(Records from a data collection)
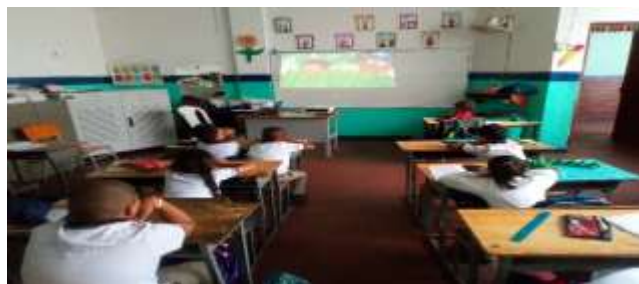
Figura 4. La figura muestra a los estudiantes observando un video de Guillermina y Candelario
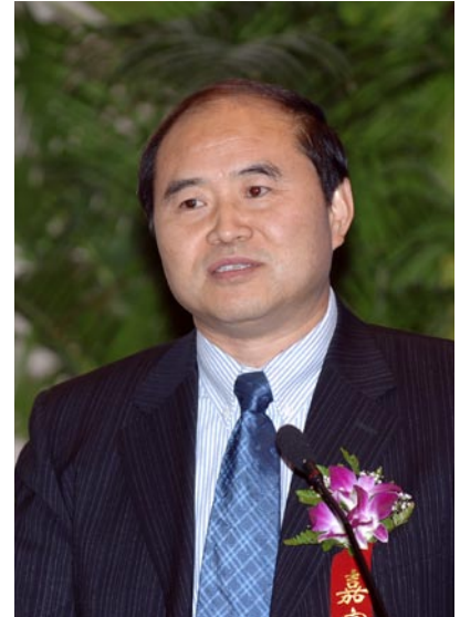
发改委司长吴吟在会上演讲

全国政协常委、原安徽省委书记卢荣景同志，全国政协常委、原国家计委副主任叶青同志，原司法部党组成员、中纪委驻司法部纪检组长韩灵同志，中华文学基金会副会长兼总干事、原作家协会书记处常务书记张锲同志，中国机械工业联合会副会长、原国资委监事会主席贾成炳同志，原煤炭部党组成员、总工程师陈明和同志，中国人民解放军总后勤部少将、原新兴集团总裁朱作满同志，中国烟草协会会长、原国家烟草局副局长杨传德同志，原煤炭科学研究总院院长张声涛同志等中华环保联合会能源环境专业委员会部分顾问代表；国家发改委能源局正局级巡视员、国务院瓦斯治理部际协调办公室主任吴吟同志，国家环保总局科技司罗毅副司长，国土资源部地质环境司陶庆法副司长；中华环保联合会、中国石化集团、中国石油、中石化、中海油集团、大唐电力、国家电网以及兖矿集团、新汶矿业集团、平煤集团、淮南矿业集团、抚顺煤业集团、济南钢厂、中国煤炭报、中国石油报、中国环境报、中国日报和部分为能源行业服务的企事业单位的代表出席了大会。
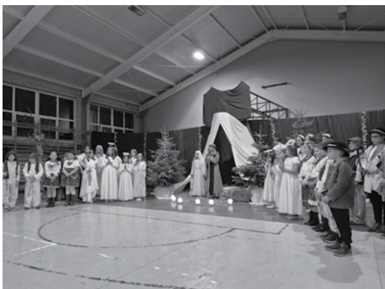
Nie zabrakło artystycznych wruszeń przy Jasełkach przygotowanych przez społeczność Szkoły Podstawowej im. Kornela Makuszyńskiego w Krzyżanowie
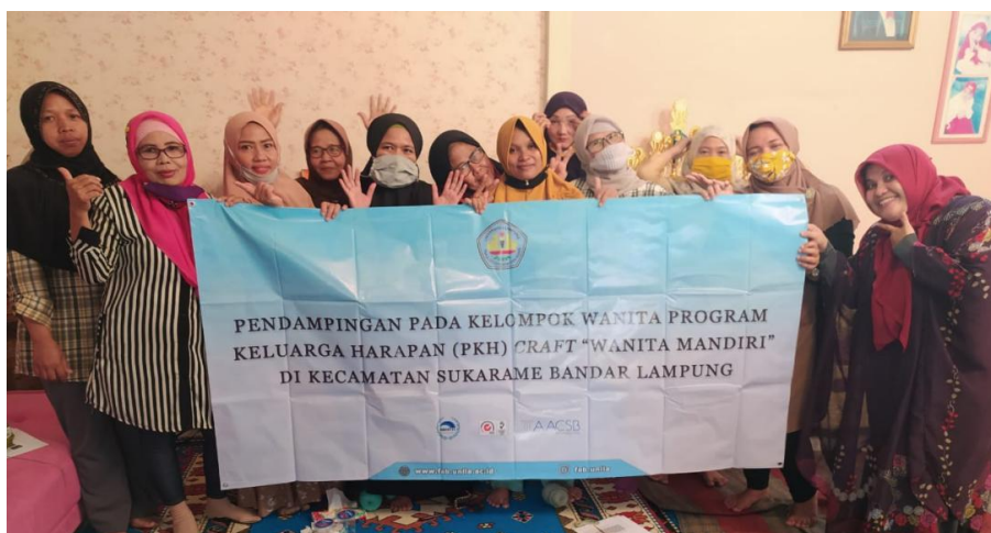
Gambar 3. Peserta Pendampingan
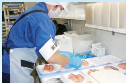
鮮魚のパック詰め

= REQUIRED WORK =
Leaving the pictures aside, give back all the records exactly as they are.

= SOLUTION BELOW =
Figura 4. La figura muestra a los estudiantes observando un video de Guillermina y Candelario
发改委司长吴吟在会上演讲

全国政协常委、原安徽省委书记卢荣景同志，全国政协常委、原国家计委副主任叶青同志，原司法部党组成员、中纪委驻司法部纪检组长韩灵同志，中华文学基金会副会长兼总干事、原作家协会书记处常务书记张锲同志，中国机械工业联合会副会长、原国资委监事会主席贾成炳同志，原煤炭部党组成员、总工程师陈明和同志，中国人民解放军总后勤部少将、原新兴集团总裁朱作满同志，中国烟草协会会长、原国家烟草局副局长杨传德同志，原煤炭科学研究总院院长张声涛同志等中华环保联合会能源环境专业委员会部分顾问代表；国家发改委能源局正局级巡视员、国务院瓦斯治理部际协调办公室主任吴吟同志，国家环保总局科技司罗毅副司长，国土资源部地质环境司陶庆法副司长；中华环保联合会、中国石化集团、中国石油、中石化、中海油集团、大唐电力、国家电网以及兖矿集团、新汶矿业集团、平煤集团、淮南矿业集团、抚顺煤业集团、济南钢厂、中国煤炭报、中国石油报、中国环境报、中国日报和部分为能源行业服务的企事业单位的代表出席了大会。
Nie zabrakło artystycznych wruszeń przy Jasełkach przygotowanych przez społeczność Szkoły Podstawowej im. Kornela Makuszyńskiego w Krzyżanowie
Gambar 3. Peserta Pendampingan
鮮魚のパック詰め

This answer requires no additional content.